### Required work
Full transcription, minus images: write out the listing below exactly as it appears.

### Given information
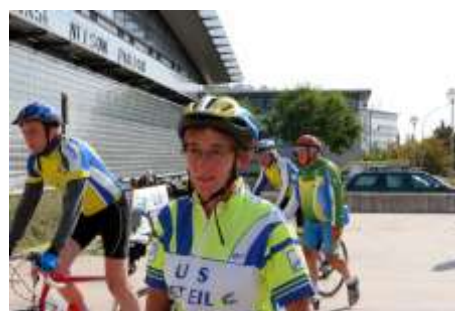
L'arrivée des participants et participantes à Nelson Paillou.

Article extrait du journal « Contacts US » n°65 d'octobre 2009.
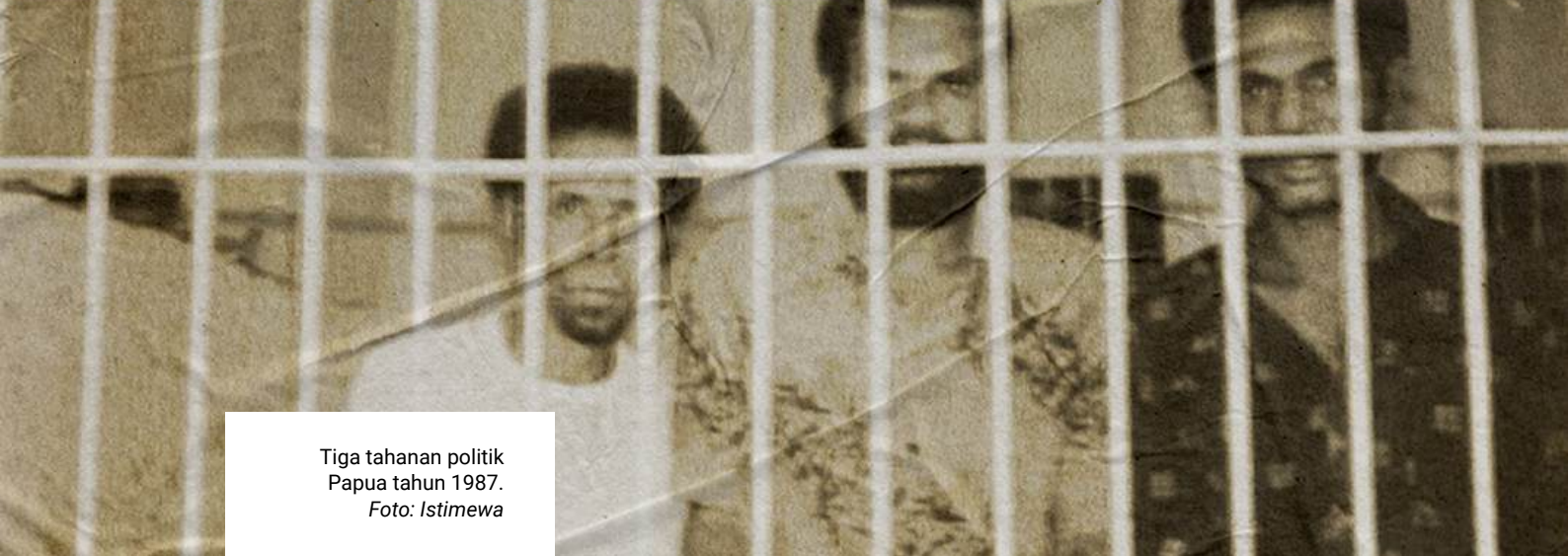
Tiga tahanan politik Papua tahun 1987.

### Finished exercise
L'arrivée des participants et participantes à Nelson Paillou.

Article extrait du journal « Contacts US » n°65 d'octobre 2009.
Tiga tahanan politik Papua tahun 1987.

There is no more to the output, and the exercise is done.